Tutto ha inizio con Antonino La Russa, già segretario politico del Partito Nazionale Fascista di Paternò negli anni Quaranta, poi senatore del Movimento sociale italiano nel Dopoguerra. Siciliano, avvocato, “principe del Foro’’ prima nel Tribunale di Milano e poi in quello di Catania, il capostipite Antonino ha avuto quattro figli: Vincenzo, Ignazio, Emilia e Romano. Il più noto, certo, è Ignazio La Russa, avvocato e politico come il padre, una vita a destra, nel Msi e in Alleanza nazionale prima, nel Pdl poi e, infine, in FdI, già ministro della Difesa nel Governo Berlusconi IV. «Eh sì, in casa abbiamo sempre respirato aria di politica e di diritto – aveva raccontato Ignazio, nel 1994, quando era vicepresidente della Camera e An sosteneva il primo Governo Berlusconi, a Stefano Di Michele e Alessandro Galiani, autori del libro “Mal di Destra” –. Avevo undici anni e sentivo già la politica nel sangue. Il primo comizio lo feci poco prima di partire per Milano, in un paesino di montagna, sull’Etna. C’erano le amministrative e il Msi si presentava con una lista tipo An, che si chiamava Campanile con stella. Doveva parlare mio padre, che all’ultimo momento si fece sostituire da un suo amico avvocato. Lui mi prese con sé e mi diede un foglietto, dove c’era scritto un breve saluto che avrei dovuto leggere. Salito sul palco, però, gettai via il foglietto e parlai a braccio. Il discorso me lo ricordo ancora. Cominciava cosi: “Uomini onesti, insieme si sono uniti…” e andò avanti per dieci minuti buoni.

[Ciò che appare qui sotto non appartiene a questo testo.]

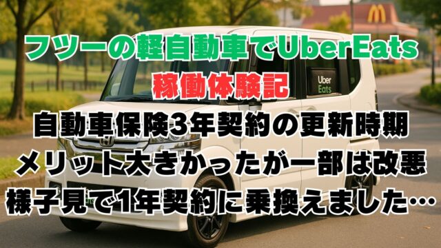 軽乗用車Uber 軽乗用車Uber稼働記。3年契約していた自動車保険を更新。1年に乗換え 2026年4月11日 jump-fire-man UberEats軽乗用車での稼働記です。 2023年2月に黒ナンバー対応の自動車保険に加入しました。 当時はネット型各社での取り …
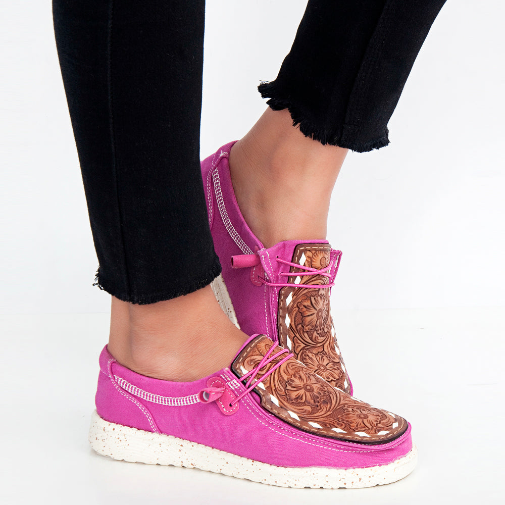 Turn heads in these bold magenta canvas slip-ons by American Darling, featuring genuine hand-tooled leather tops in a classic Western floral motif. Lightweight, comfortable, and full of rustic flair- these shoes bring together everyday wearability with artisan-crafted style.
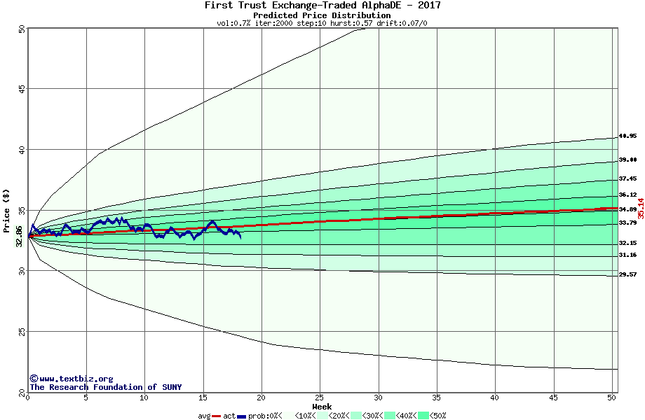 The following graph plots the year-to-date performance of the stock for 2017 compared to the probability calculated by a random walk model.
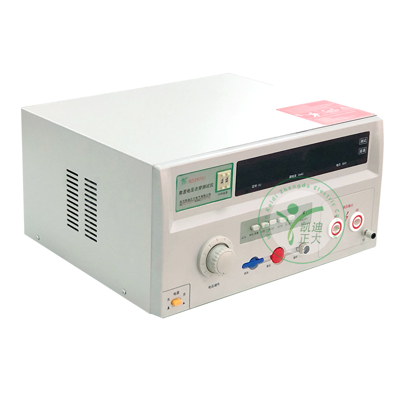 KD2670J數顯電壓擊穿測試儀是在吸收、消化國內外耐壓測試儀的基礎上,結合眾多用戶的實際使用情況加以提高、完善設計而成的。測試電壓、漏電流同時顯示,功能豐富實用,可通過漏電流顯示反映被測體漏電流的實際值和比較同類產品不同批次或不同廠家產品中的耐壓好壞程度,確保你的產品安全性能,同時可利用漏電流顯示功能,擴展測量高壓硅堆的反向電壓、反向漏電流、三極管的高反壓管的反向電壓、反向漏電流等,技術性能和質量可靠。
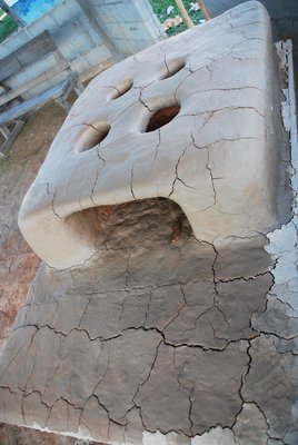 The top has been closed using re-bar and scrap pieces of tin to hold the clay in place.
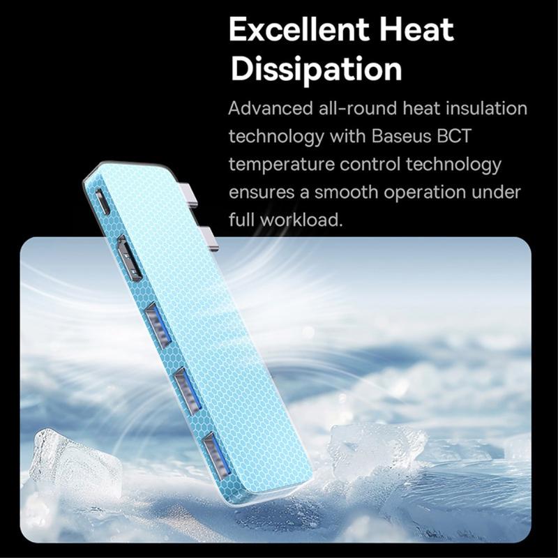 Gi arbeidsstasjonen din et løft og få lynrask dataoverføring med BASEUS UltraJoy 40 Gbps USB-C Multiport Hub. Denne ultratynne adapteren er konstruert for sømløs tilkobling og gir deg en rekke porter - fra en 4K HDMI-utgang til tre USB 3.0-kontakter - samtidig som den støtter opptil 100 W strømforsyning for uavbrutt lading. Den magnetiske designen, den innovative temperaturkontrollen og den kompakte profilen gjør den til et kraftig verktøy for profesjonelle og teknologientusiaster som krever topp ytelse på minimal plass.
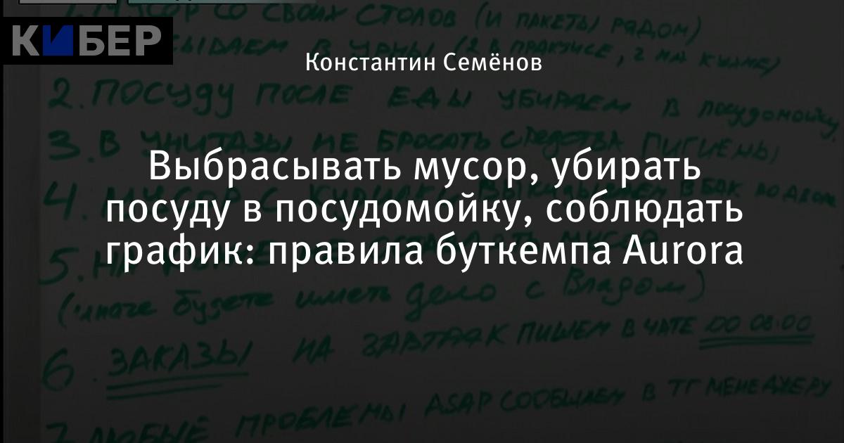 Выбрасывать мусор, убирать посуду в посудомойку, соблюдать график: правила буткемпа Aurora
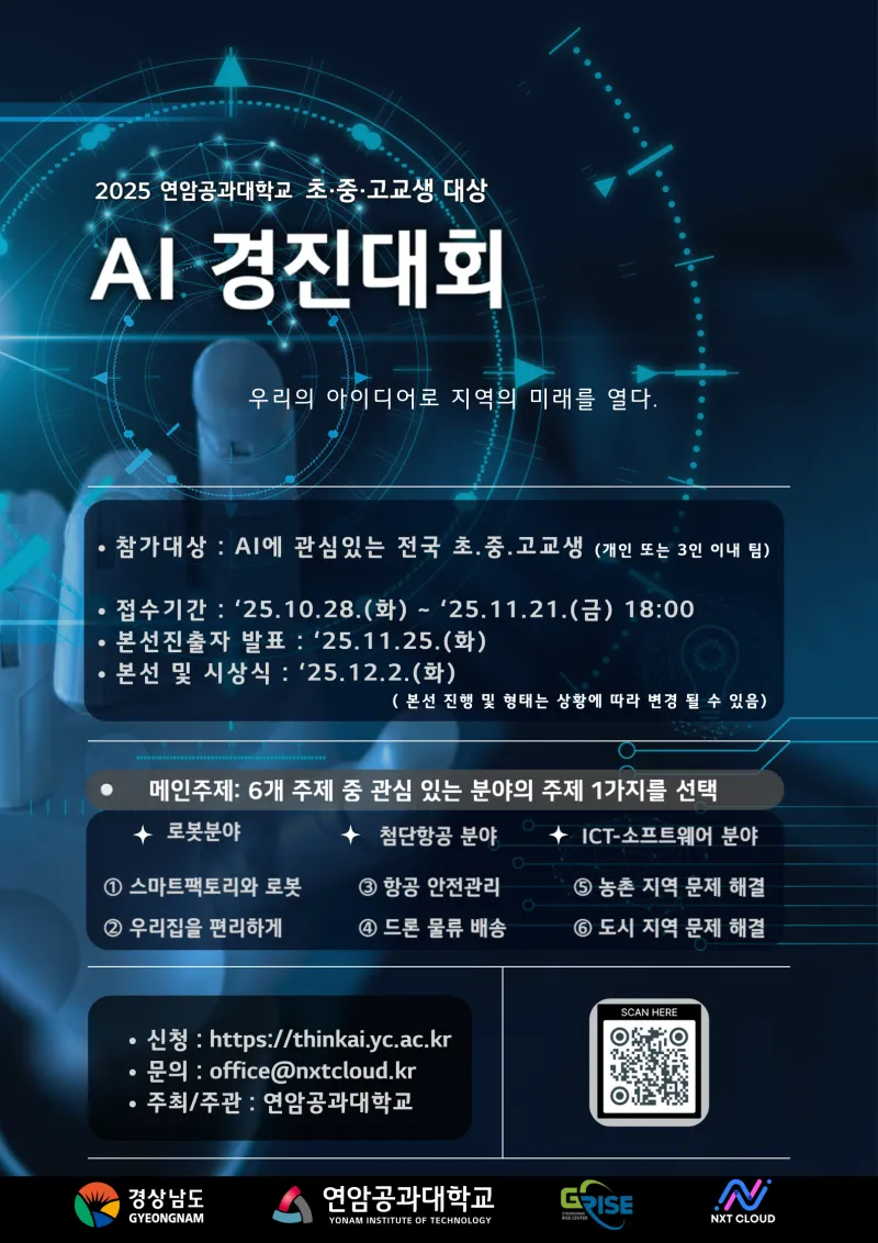 로봇분야(스마트팩토리, 우리집을 편리하게 만드는 로봇), 첨단항공 분야(항공안전관리, 드론 물류·배송), ICT-소프트웨어분야(농촌 및 도시지역 문제 해결) 등 우리지역에 반영할 수 있는 AI아이디어 개발대회 |

La politica, a destra, come vocazione di famiglia. Con l’eccezione del primogenito di Antonino, Vincenzo, democristiano per tutta la vita, per tre legislature in Parlamento prima con la Dc e poi con il Ccd, «il chierichetto di casa», per stessa definizione del padre. Romano, l’ultimogenito, invece, ha seguito le orme del padre e del fratello Ignazio. Ha iniziato a fare militanza politica quando frequentava il liceo classico milanese Carducci nelle organizzazioni giovanili del Msi: Giovane Italia e poi Fronte della Gioventù, nella “trincea nera’’ di piazza San Babila, duro tra i duri – più del fratello Ignazio, narra la leggenda della destra milanese – negli Anni di Piombo. Romano La Russa arriva alla grande politica negli anni Novanta, da capogruppo di An in Regione Lombardia e poi da europarlamentare. Nel 2008, quando An stava già per confluire nel Pdl, viene nominato assessore regionale all’Industria nella Giunta Formigoni e, dal 2010 al 2012, è assessore alla Sicurezza, la stessa delega di cui potrebbe tornare a occuparsi a breve a Palazzo Lombardia con Attilio Fontana presidente. Dal 2013 in poi, dopo la fondazione di FdI, Romano non ha più ricoperto incarichi elettivi. Nel 2013 si è candidato in Regione ma non è stato eletto, nel 2018 alla Camera ma l’esito è stato ugualmente negativo. La dinastia politica dei La Russa, in ogni caso, potrebbe non fermarsi ad Antonino, Vincenzo, Ignazio e Romano. Ignazio ha tre figli, tutti con secondo nome da eroi nativi americani: Antonino Geronimo è presidente di Automobile Club Milano; Lorenzo Cochis alle Comunali milanesi dello scorso ottobre è stato eletto consigliere del Municipio 1 per FdI; Leonardo Apache è rapper (nome d’arte Laurus) influencer. Romano La Russa, invece, ha cinque figli: Massimiliano, Alberto, Antonino, Clelia e Maria Cristina. Quest’ultima è sposata con Marco Osnato, deputato di FdI dal 2018. La dinastia continua, anche per interposto cognome.